Baden Sports, Inc. v. Kabushiki Kaisha Molten, 2007 WL 2790777 (W.D.Wash.)
The Seattle Trademark Lawyer covered this case, so I will try to be brief. (Previous entries here and here.) Baden sued Molten for infringing its patent on a cushioned game-quality basketball, and for falsely advertising that Molten’s own dual-cushion technology was “innovative.” The jury, finding willfullness on both counts, awarded Baden roughly $38,000 in patent damages and $8 million in Lanham Act damages.
I’m surprised that a false claim that products were “innovative” could produce such a large award. The term is at least close to puffing, unless there are more specific associated claims. I wonder if the jury wasn’t including compensation for patent infringement in there as well, despite the fact that logically the claims are independent; one could falsely advertise one’s basketballs as “innovative” merely by producing standard old basketballs.

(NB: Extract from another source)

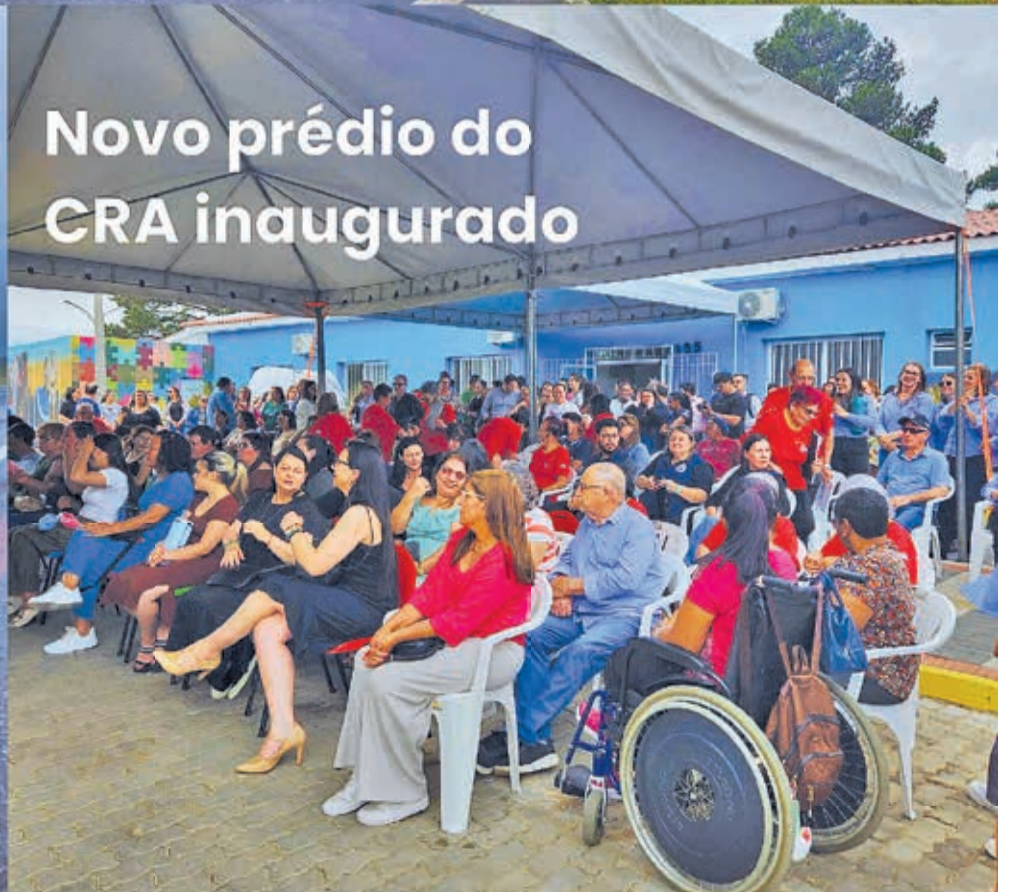
Novo prédio do CRA inaugurado

The court applied eBay v. MercExchange to both the patent and false advertising aspects of the permanent injunction request, citing a 9th Circuit case holding that eBay applies to trademark cases brought under the Lanham Act. See Reno Air Racing Ass'n v. McCord, 452 F.3d 1126, 1137-38 (9th Cir. 2006). Molten was enjoined from selling the infringing balls in the US and from advertising its dual-cushion basketball as innovative, but not from using the model numbers identified in Baden’s complaint or using the name “Giugiaro” for the design; the model numbers and names refer not to the infringing internal components but the ball type, size and cover material. Comment: This means Molten may retain some of the goodwill it acquired during the time it used the infringing design and false advertising.
Possibly of interest: Molten argued that irreparable injury was less likely because Baden was willing to license the patents at issue. But even so, the court held, Baden risked a loss of goodwill because Molten’s infringement and advertising “erode[d] consumers’ and retailers’ perception of Baden as an innovator” – which seems like a problem of false advertising, not patent infringement.
Despite the findings of willfullness, the court declined to award attorneys’ fees on either claim. This was not an exceptional case; Molten “reasonably disputed” the Lanham Act claim by arguing that “innovative” was puffing and that Dastar barred the claim.